Exercise instructions => An image-free, verbatim transcription of the records is the expected result.

Records from a dataset
*** Block opens ***

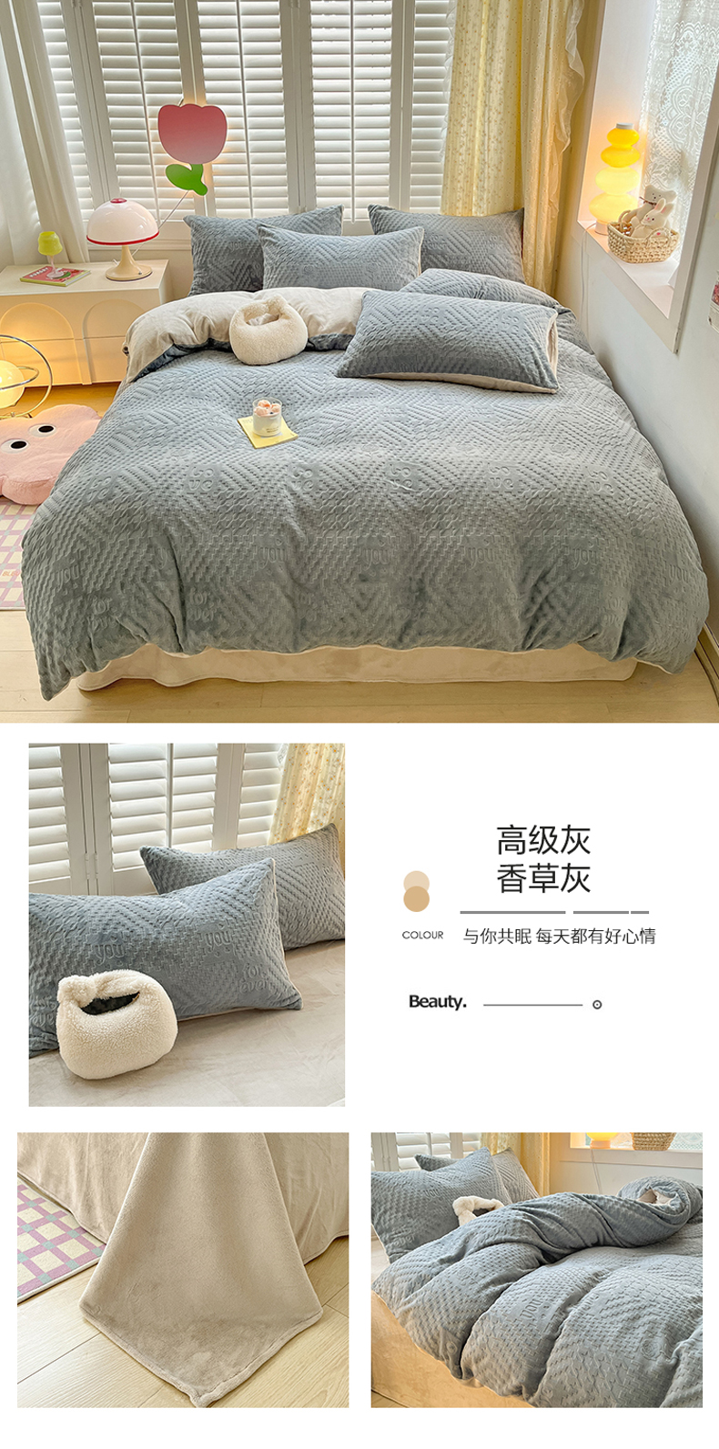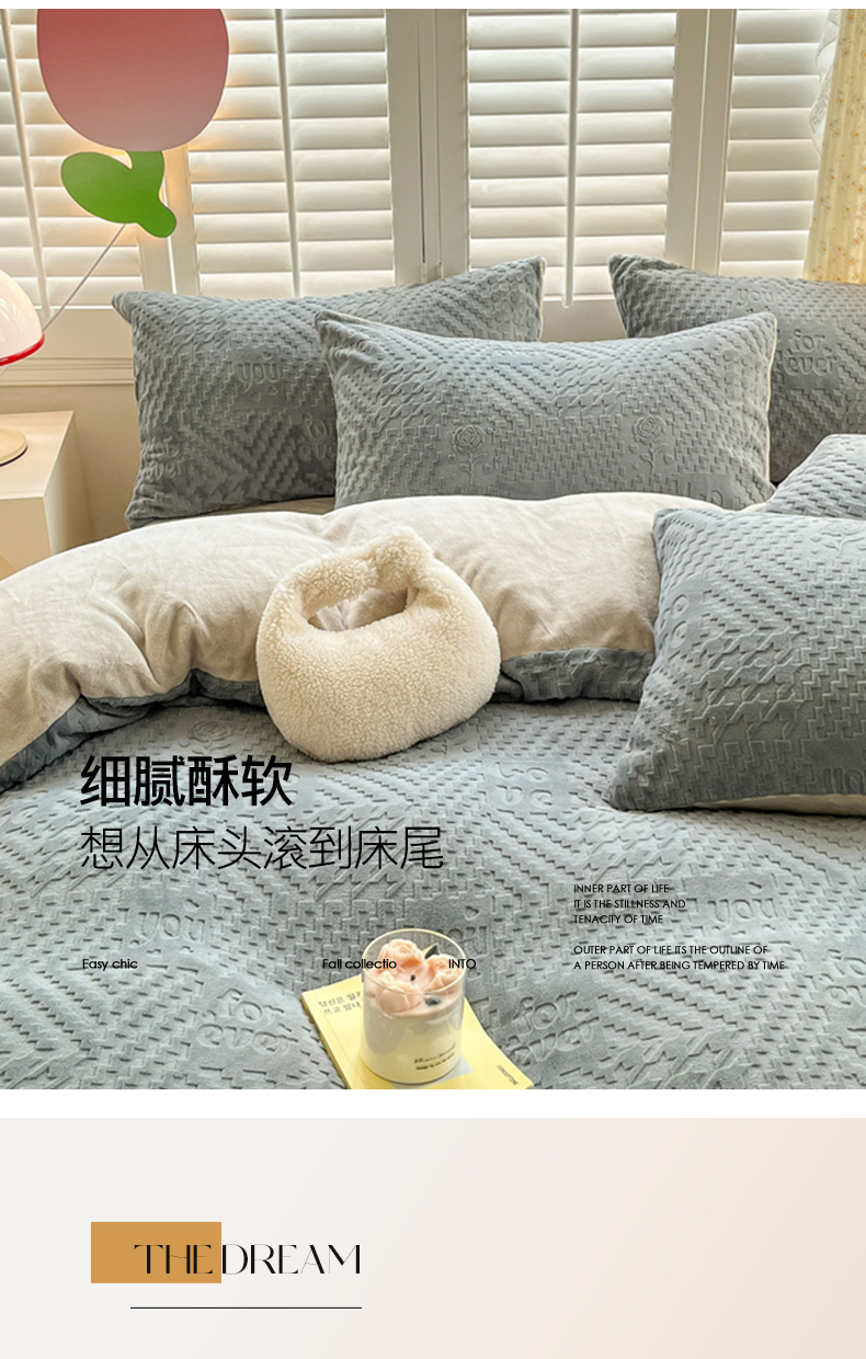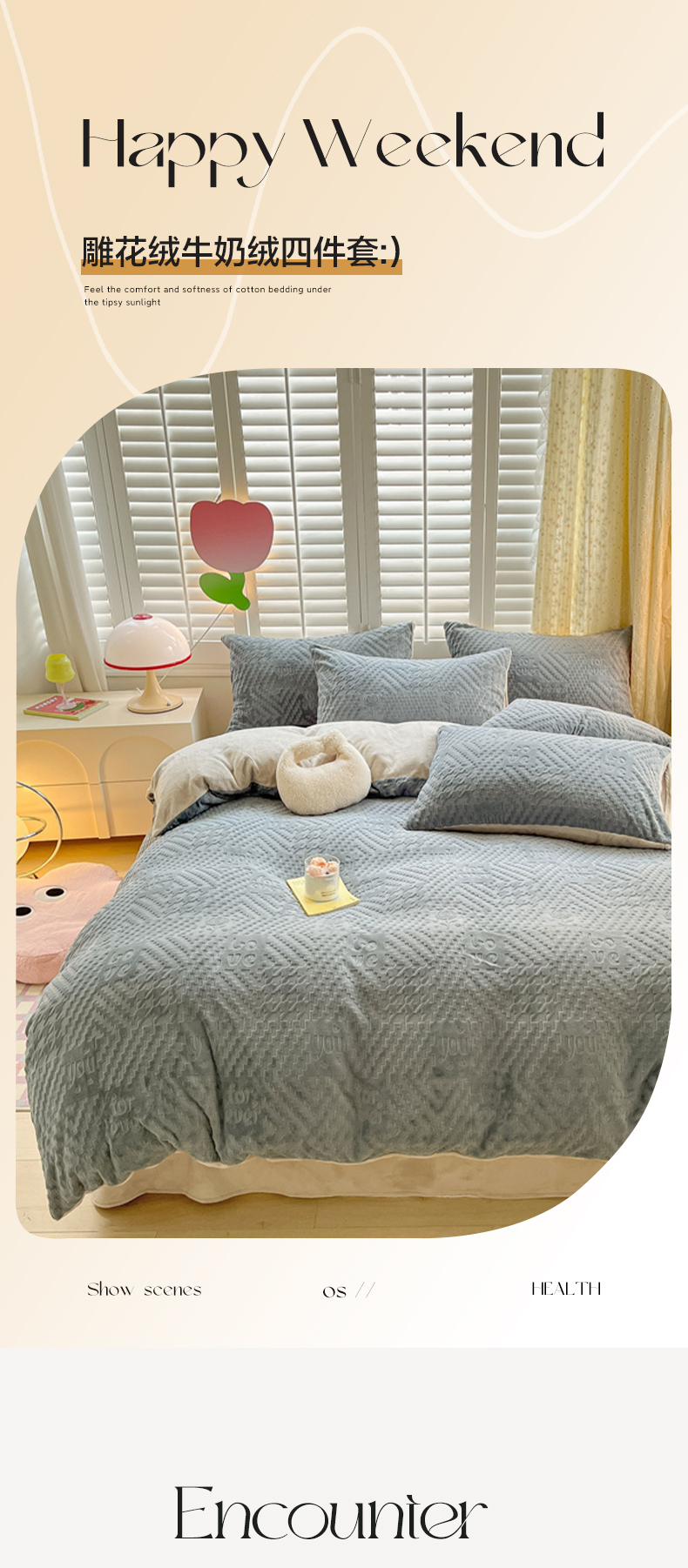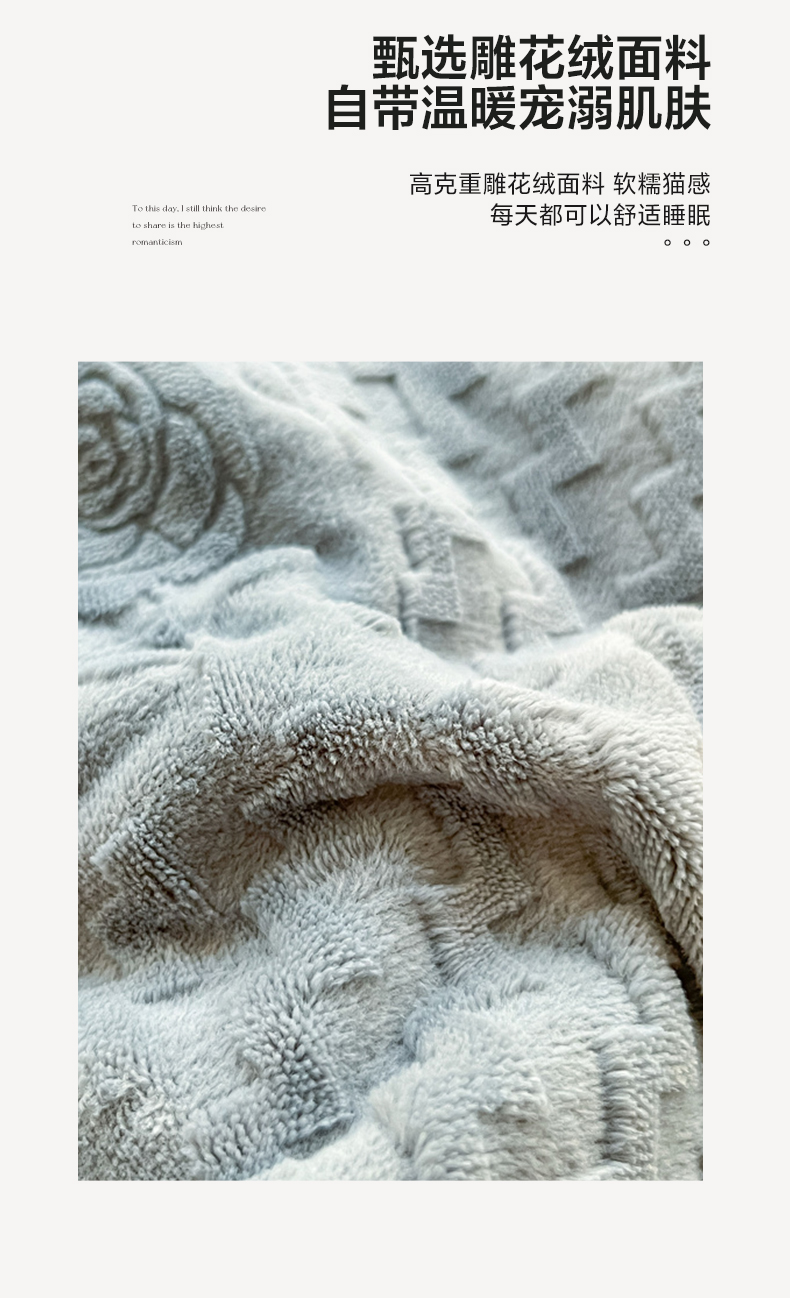 当前位置: 91家纺网 > 商品网购 > 床品套件 > 四件套 > 雕花绒四件套 > 古吉梦 2023新款雕花绒四件套-简爱 高级灰+香草灰
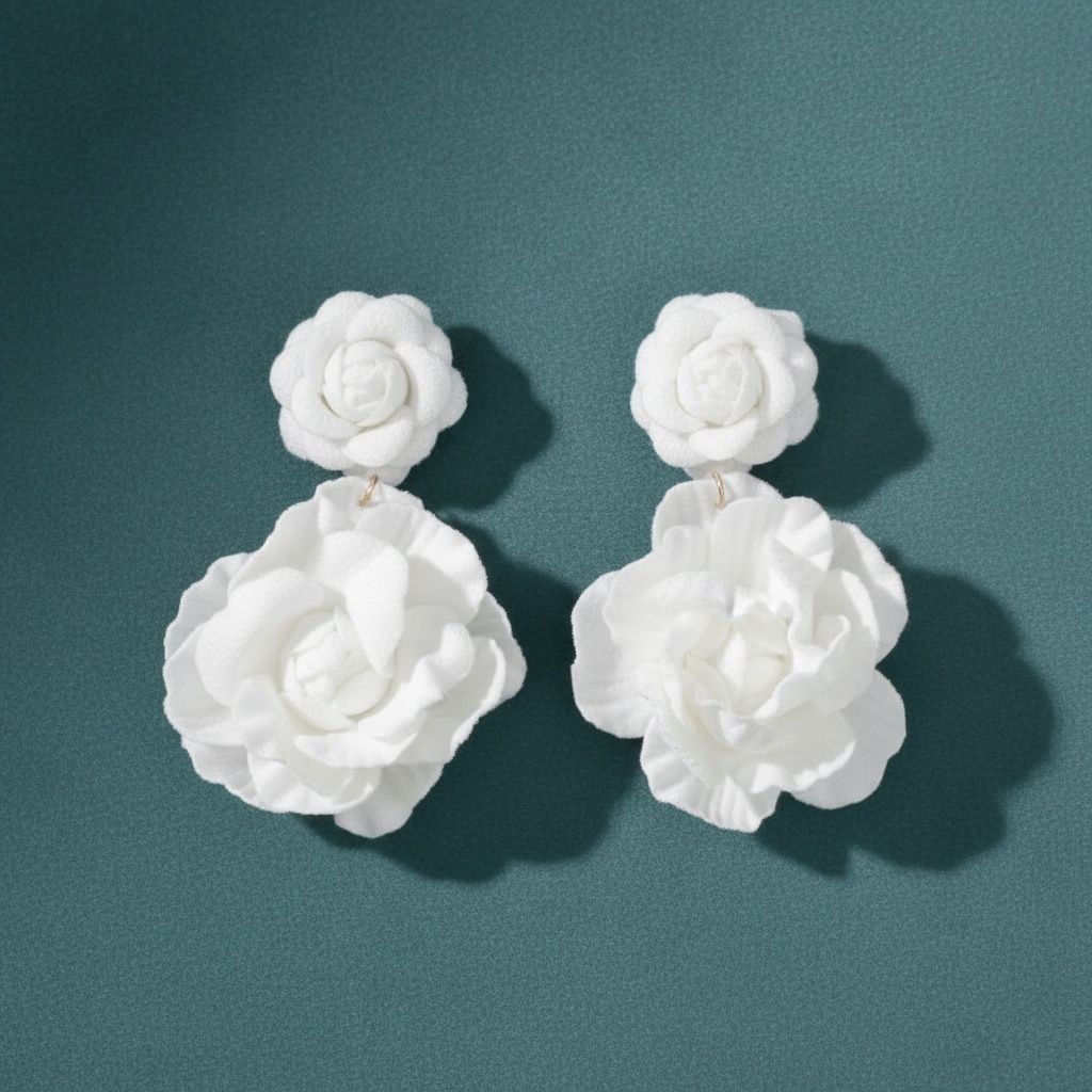 Drop White Double Rose Flower Felt Petal Earrings – Word Up Jewel's & Accessories Boutique
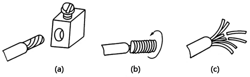 在接線柱上連接多股芯線時,先用鋼絲鉗將多股芯線進一步絞緊,以保證壓接螺釘頂壓時不致松散。此時應注意,針孔與線頭的大小應匹配,如圖2(a)所示。如果針孔過大,則可選一根直徑大小相宜的導線作為綁扎線,在已絞緊的線頭上緊緊地纏繞一層,使線頭大小與針孔匹配后再進行壓接,如圖2(b)所示。如果線頭過大,插不進針孔,則可將線頭散開,適量剪去中間幾股,如圖2(c)所示,然后將線頭絞緊就可進行壓接。通常7股芯線可剪去1-2股,19股芯線可剪去1-7股。
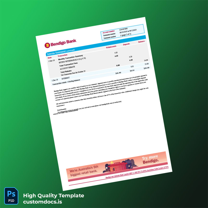 Empower your professional image with our reliable Australia Bendigo Bank Statement Template. Ready to take action? Download your editable bank statement template today and transform how you manage your financial records. Visit MR Verify for more insights.
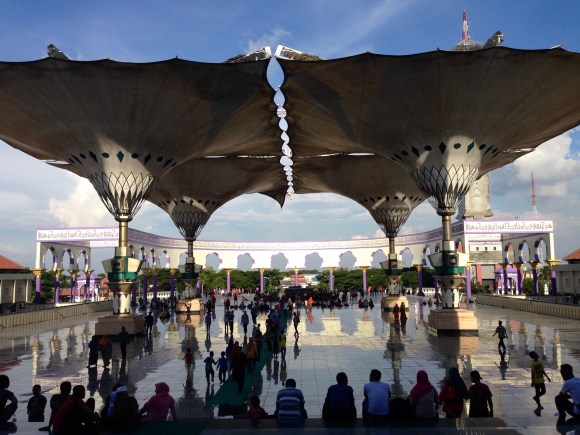 Setelah membeli-beli oleh-oleh, aku, mamski, dan papskipun masuk untuk shalat, dan berfoto di halaman masjid. Di MAJT (Masjid Agung Jawa Tengah), aku dan mamski sempat kebingungan juga saat mencari tempat wudhu. Ternyata, tempat wudhunya itu ada di lantai bawah. Lalu naik ke atas lagi untuk shalatnya.
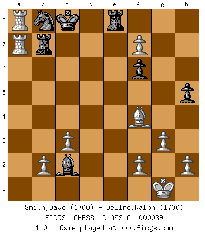 Last move : 1-0 2007 April 24 20:34:21 [Event "FICGS__CHESS__CLASS_C__000039"] [Site "FICGS"] [Date "2007.04.13"] [Round "1"] [White "Smith,Dave"] [Black "Deline,Ralph"] [Result "1-0"] [WhiteElo "1700"] [BlackElo "1700"] 1.e4 c6 2.d4 d5 3.Nc3 dxe4 4.Nxe4 Nf6 5.Nxf6+ gxf6 6.c3 Bf5 7.Nf3 Nd7 8.g3 Qa5 9.Bg2 Qb5 10.Qb3 Qxb3 11.axb3 Bc2 12.O-O Bxb3 13.Bf4 e6 14.Nd2 Bc2 15.Rfe1 Be7 16.Nc4 h5 17.Na5 O-O-O 18.Bxc6 bxc6 19.Nxc6 Rde8 20.Rxa7 e5 21.Nxe7+ Rxe7 22.Ra8+ Nb8 23.dxe5 Kb7 24.Rea1 Rhe8 25.R1a7+ Kc8 26.e6 Rb7 27.exf7 1-0 Caro-Kann : Bronstein-Larsen variation Kingside Castling by player White (move 12) Queenside Castling by player Black (move 17) Player White won this chess game. Follow this game move after move (download)Many have become Chess Masters, no one has become the Master of Chess. (Siegbert Tarrasch) Pläne sind die Träume des Verständigen. (Ernst Freiherr von Feuchtersleben) Yo tuve un dolor de muelas en la primer partida. En el segundo juego, tuve un dolor de cabeza. En el tercero, tuve un ataque de reumatísmo. En la cuarta partida, no me sentía muy bien. ¿Y en el quinto juego? Bueno, ¿que acaso uno tiene que ganar todos los juegos?. (Siegbert Tarrasch) Les échecs c'est le défi de l'alpiniste, toujours plus haut, prêt à tout pour monter à l'assaut du Roi ennemi. Les échecs, c'est de la musique en mouvement, un ballet majestueux pour les yeux. C'est de la poésie composée par les fantômes du passé qui au même titre que Rimbaud ou Verlaine méritent notre admiration. Les échecs, c'est de la peinture ou le moindre mouvement modifie le tableau pour en faire un Picasso ou un Van Gogh. Les échecs, c'est tout et rien, c'est la vie et la mort. Jjulie33 sur le forum de France-Echecs. When you don't know what to do, walk fast and look worried. (Anonymous)
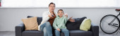 Zdjęcie "Uśmiechnięty chłopak boks z tatą w poduszkach w domu " może być wykorzystywane do celów osobistych i komercyjnych zgodnie z warunkami zakupionej licencji Royalty-free. Obraz jest dostępny do pobrania w jakości wysokiej rozdzielczości do 5760x3840.

*** Block closes ***

Task solution =>
 当前位置: 91家纺网 > 商品网购 > 床品套件 > 四件套 > 雕花绒四件套 > 古吉梦 2023新款雕花绒四件套-简爱 高级灰+香草灰
 Drop White Double Rose Flower Felt Petal Earrings – Word Up Jewel's & Accessories Boutique
 在接線柱上連接多股芯線時,先用鋼絲鉗將多股芯線進一步絞緊,以保證壓接螺釘頂壓時不致松散。此時應注意,針孔與線頭的大小應匹配,如圖2(a)所示。如果針孔過大,則可選一根直徑大小相宜的導線作為綁扎線,在已絞緊的線頭上緊緊地纏繞一層,使線頭大小與針孔匹配后再進行壓接,如圖2(b)所示。如果線頭過大,插不進針孔,則可將線頭散開,適量剪去中間幾股,如圖2(c)所示,然后將線頭絞緊就可進行壓接。通常7股芯線可剪去1-2股,19股芯線可剪去1-7股。
 Empower your professional image with our reliable Australia Bendigo Bank Statement Template. Ready to take action? Download your editable bank statement template today and transform how you manage your financial records. Visit MR Verify for more insights.
 Setelah membeli-beli oleh-oleh, aku, mamski, dan papskipun masuk untuk shalat, dan berfoto di halaman masjid. Di MAJT (Masjid Agung Jawa Tengah), aku dan mamski sempat kebingungan juga saat mencari tempat wudhu. Ternyata, tempat wudhunya itu ada di lantai bawah. Lalu naik ke atas lagi untuk shalatnya.
 Last move : 1-0 2007 April 24 20:34:21 [Event "FICGS__CHESS__CLASS_C__000039"] [Site "FICGS"] [Date "2007.04.13"] [Round "1"] [White "Smith,Dave"] [Black "Deline,Ralph"] [Result "1-0"] [WhiteElo "1700"] [BlackElo "1700"] 1.e4 c6 2.d4 d5 3.Nc3 dxe4 4.Nxe4 Nf6 5.Nxf6+ gxf6 6.c3 Bf5 7.Nf3 Nd7 8.g3 Qa5 9.Bg2 Qb5 10.Qb3 Qxb3 11.axb3 Bc2 12.O-O Bxb3 13.Bf4 e6 14.Nd2 Bc2 15.Rfe1 Be7 16.Nc4 h5 17.Na5 O-O-O 18.Bxc6 bxc6 19.Nxc6 Rde8 20.Rxa7 e5 21.Nxe7+ Rxe7 22.Ra8+ Nb8 23.dxe5 Kb7 24.Rea1 Rhe8 25.R1a7+ Kc8 26.e6 Rb7 27.exf7 1-0 Caro-Kann : Bronstein-Larsen variation Kingside Castling by player White (move 12) Queenside Castling by player Black (move 17) Player White won this chess game. Follow this game move after move (download)Many have become Chess Masters, no one has become the Master of Chess. (Siegbert Tarrasch) Pläne sind die Träume des Verständigen. (Ernst Freiherr von Feuchtersleben) Yo tuve un dolor de muelas en la primer partida. En el segundo juego, tuve un dolor de cabeza. En el tercero, tuve un ataque de reumatísmo. En la cuarta partida, no me sentía muy bien. ¿Y en el quinto juego? Bueno, ¿que acaso uno tiene que ganar todos los juegos?. (Siegbert Tarrasch) Les échecs c'est le défi de l'alpiniste, toujours plus haut, prêt à tout pour monter à l'assaut du Roi ennemi. Les échecs, c'est de la musique en mouvement, un ballet majestueux pour les yeux. C'est de la poésie composée par les fantômes du passé qui au même titre que Rimbaud ou Verlaine méritent notre admiration. Les échecs, c'est de la peinture ou le moindre mouvement modifie le tableau pour en faire un Picasso ou un Van Gogh. Les échecs, c'est tout et rien, c'est la vie et la mort. Jjulie33 sur le forum de France-Echecs. When you don't know what to do, walk fast and look worried. (Anonymous)
 Zdjęcie "Uśmiechnięty chłopak boks z tatą w poduszkach w domu " może być wykorzystywane do celów osobistych i komercyjnych zgodnie z warunkami zakupionej licencji Royalty-free. Obraz jest dostępny do pobrania w jakości wysokiej rozdzielczości do 5760x3840.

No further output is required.